Points to note are the following:

• The MipsCallbacks interface allows the MIPS code to call back to arbitrary C# code.
• The MipsVM class contains the state of the MIPS machine (data members) as well as the translated MIPS code (methods).
• The registers appear as private int variables in the MipsVM class.
• The MIPS machine's memory is split into 64KB pages and represented as a two-level int[][] array (the first index being the page number, and the second being the offset within the page).
  • This paged structure gives us the ability to dynamically allocate new memory pages (for example, after a malloc or new) without having to copy the entire memory contents.
  • However, it does slow down the code somewhat (compared to a simple one-dimensional array). I have not measured the effect of this in Mips2cs, but Alliet & Megacz 2004, in their work on NestedVM, reported approximately a 30% to 70% increase in runtime, depending on the program being run. (See nestedvm.ivme04.pdf, section 3.1.)

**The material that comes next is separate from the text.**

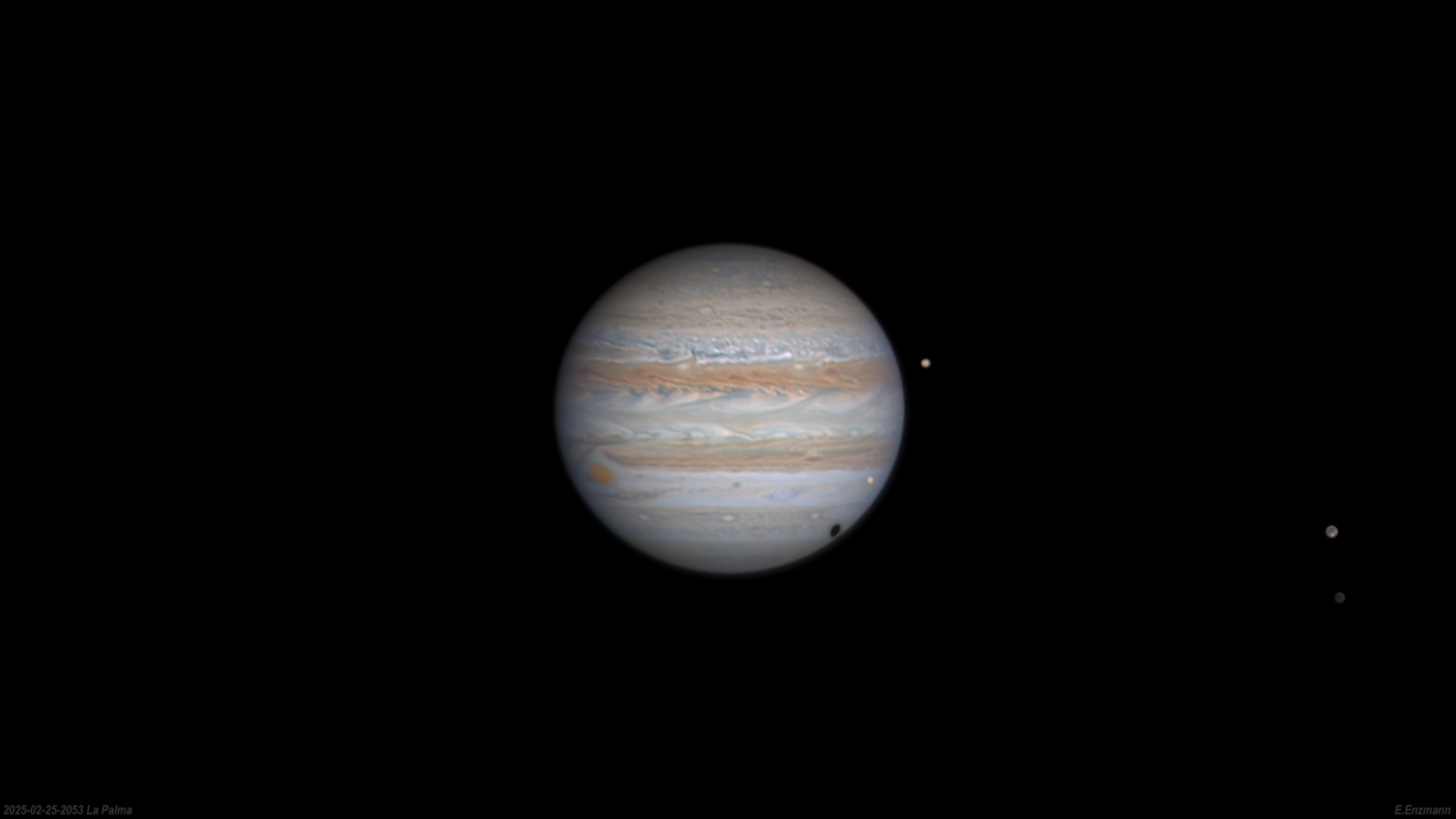 Am 25. Februar 2025 waren gegen 22:00 Uhr Ortszeit alle vier großen Monde von Jupiter sichtbar. Das Wetter hier südlich von München war bedeckt aber in La Palma konnte ich eine Aufnahme davon machen, auch wenn das Seeing nur sehr mittelmäßig war. Zu den vier Monden, Europa vor dem Jupiter, Io gleich rechts neben dem Planeten und weiter rechts der große helle Ganymed und der dunkle Kallisto. Als Bonus gab es noch den GRF und den Schattenwurf von Ganymed auf Jupiter.

• The contents of memory are initialized by InitMem().
  • At the moment this is done in a fairly inefficient way, because large blocks of zeros (such as from BSS sections) are stored explicitly in the array initializer. This can make for unnecessarily large executables. (This could probably be improved.)
• Memory access is done by separate methods (ReadWord, WriteWord etc.) rather than being done inline.

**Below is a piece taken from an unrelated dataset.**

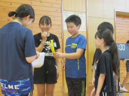 5年生 竹組 教育実習生とのお別れ集会 公開日 2023/09/26 更新日 2023/09/26 5年生 今日は、9月1日から教育実習に来ておられた横堀先生の実習最終日ということで、竹組ではサプライズの集会を開きました。これまでこっそりと準備を進めていました。一緒にドッジボールや震源地ゲームをして遊んだ後、手紙やプレゼントを手渡し、感謝の気持ちを伝えました。下校の時刻になっても、玄関で別れを惜しむ子供たちの姿が・・・。またどこかで会えるといいですね。

  • An interesting experiment would be to try inlining the memory accesses. Presumably this would result in faster run times, at the expense of increased code size.
• The code is represented as a two-level "trampoline" structure. The code itself is translated into separate Exec methods (Exec64, Exec65 etc). There is also a top-level Run method which dispatches to the appropriate Exec method (depending on the current position within the code).
  • The reason for using this structure, as opposed to a single giant Run method, is that the smaller Exec methods are (in theory) more JIT-friendly, and should therefore run faster. (However, this has not been tested in practice, nor has the optimal size of the Exec methods been determined.)
• The Exec methods themselves are structured as large switch statements. Each basic block of the original code becomes a single case block in one of these methods.
• The position in the code is represented by a "basic block number", rather than a program counter address.
  • This allows the switch statements to be compiled to efficient lookup tables (because the set of values being switched on is dense).
• The code within the case blocks is more or less a literal translation of the Statements from the Intermediate language (see above). For example:
  • StoreReg operations become assignments, e.g. StoreReg "v1" (BinExpr Add (LoadRegExpr "s0") (LoadRegExpr "s1"))) translates into v1 = s0 + s1;.
  • Let statements become assignments to local variables.
  • Jump statements translate into goto (if the destination is within the same Exec method) or return (if we need to go to a different Exec method; in this case, the code goes back up to Run(), which then sends us back down into the new Exec() method).
  • If a Jump has a (non-trivial) condition attached, it is converted to an if.
  • IndirectJump statements need special handling because we need to map the jump address into a basic block number. This mapping is handled by a hash table (called case_table in the code).

Worked example

If you want to see how the above works in a real example then you may want to look at the Worked example page. This illustrates the complete pipeline (including translation to Intermediate code, optimization, and C# code generation) for a simple factorial function.